Le leadership et la coordination des États-Unis seront nécessaires pour tirer parti de la pleine puissance économique de l’Occident, en s’élargissant à partir du G7, y compris les États-Unis, les membres de l’UE, les membres de l’OTAN et les alliés des États-Unis en Asie. Sur la base des données de la Banque mondiale, nous calculons qu’ensemble, ces États représentaient 57% du PIB mondial en 2021, contre 18,5% pour la Chine. Agir collectivement donne à l’Occident un levier considérable pour sauvegarder la liberté politique des petits États et pour façonner les actions de la Chine dans une direction plus productive.

Cette direction serait la même que celle qui a donné lieu à la croissance et au développement remarquables du monde – et de la Chine – en particulier, en sauvegardant un système international fondé sur des règles dans lequel les pays sont libres de définir leurs propres politiques dans le cadre de ces règles convenues.

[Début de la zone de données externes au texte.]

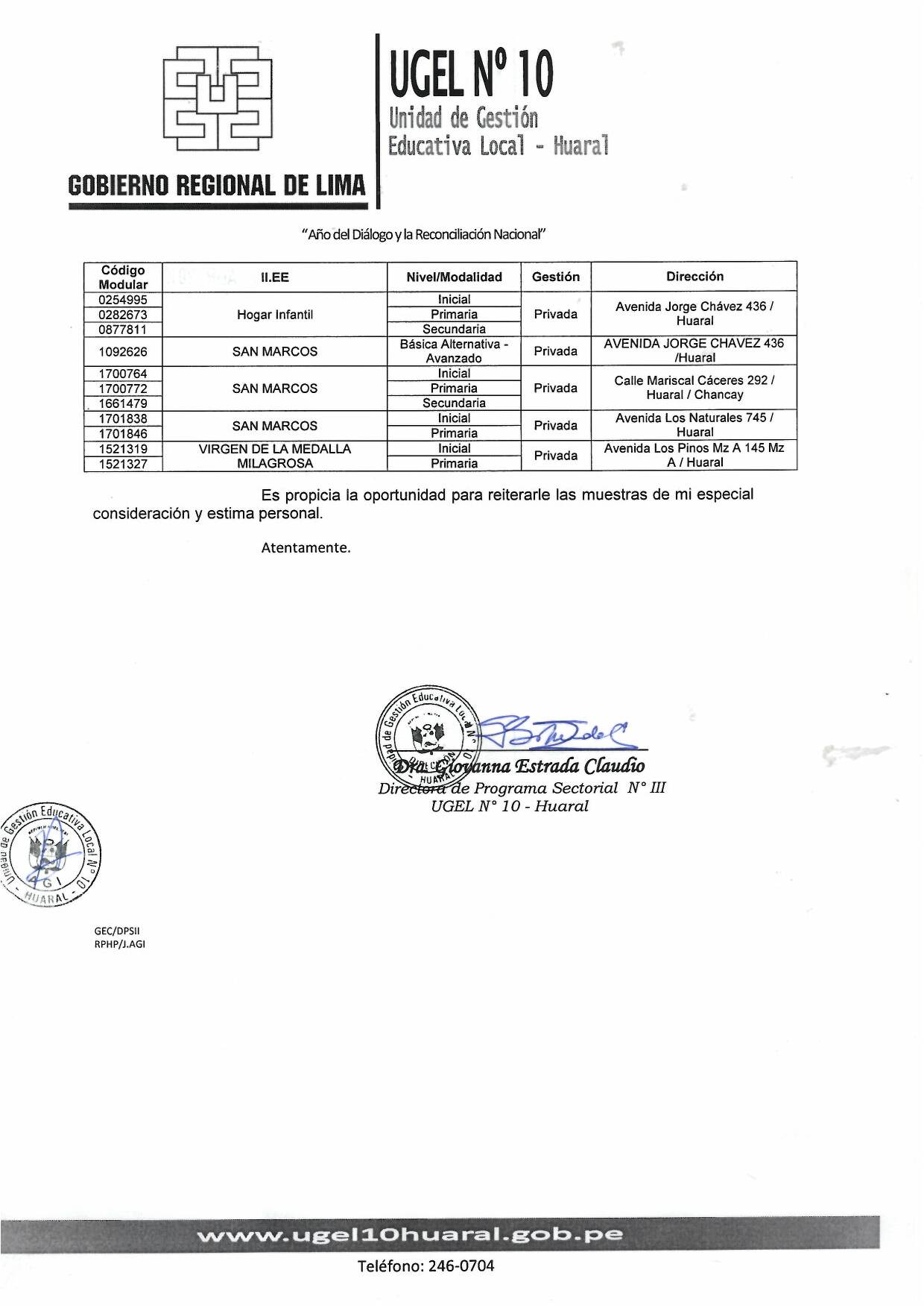 03 Abr,2019 Comunicados COMMENTS Oficio Múltiple para las siguientes Instituciones Educativas Privadas

Bryan Frederick est politologue principal à la RAND Corporation, une organisation à but non lucratif et non partisane, et directeur associé du programme de stratégie et de doctrine du projet RAND AIR FORCE. Howard J. Shatz est économiste principal à RAND et professeur d’analyse des politiques à la Pardee RAND Graduate School.

Ce commentaire a été publié à l’origine sur La Colline le 9 juin 2023. Les commentaires donnent aux chercheurs de RAND une plate-forme pour transmettre des idées basées sur leur expertise professionnelle et souvent sur leurs recherches et analyses évaluées par des pairs.